— Может быть, дождь?

Лаки замялась, и Грег решил, что ей запомнился ливень, поливавший побережье в ту ночь, когда он нашел ее.

— Нет, просто вода. Словно я нахожусь в океане, под водой... Вижу только колеблющиеся полосы света, проникающего откуда-то сверху, где светит солнце.

Форенски наклонилась к Грегу и тихо сказала:

— Все пациенты с амнезией сходным образом описывают прошлое, которого не помнят. Они, как правило, не видят ничего, кроме мглы. Некоторые говорят про какой-то свет, но все равно ничего не различают, и немудрено: ведь их память пуста.

Грег не мог отвести глаз от Лаки. Она прикусила нижнюю губу, как часто делала, сосредоточенно уставясь на компьютерный монитор. Было ясно, что она изо всех сил старается увидеть прошлое, но тщетно. Грег сочувствовал ей всей душой, совсем как в тот день, когда нашел ее в тюрьме, превращенную в посмешище для зевак.

— Давайте уйдем еще дальше в прошлое, Лаки. Скажем, в лето тысяча девятьсот девяностого года.
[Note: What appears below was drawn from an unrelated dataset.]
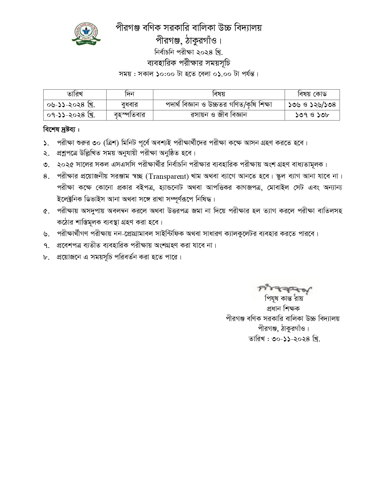 নির্বাচনি পরীক্ষা ২০২৪ খ্রি. এর ব্যবহারিক পরীক্ষার রুটিন।

Можете нам сказать, где вы находитесь?

После недолгого молчания прозвучал ответ:

— Не могу. Вижу свет, но рассеянный, словно пропущенный сквозь призму. Я не знаю, где нахожусь.

Слушая ее, Грег все больше убеждался, что она говорит правду. Врач уводила ее дальше и дальше в прошлое, но Лаки по-прежнему не видела ничего, кроме тусклого света.

Наконец Форенски повернулась к нему и сказала:

— Мне совершенно ясно, что у нее полностью стерта память. Это соответствует описанию синдрома Хойта — Мелленберга, но не объясняет, почему она не помнит собственного имени.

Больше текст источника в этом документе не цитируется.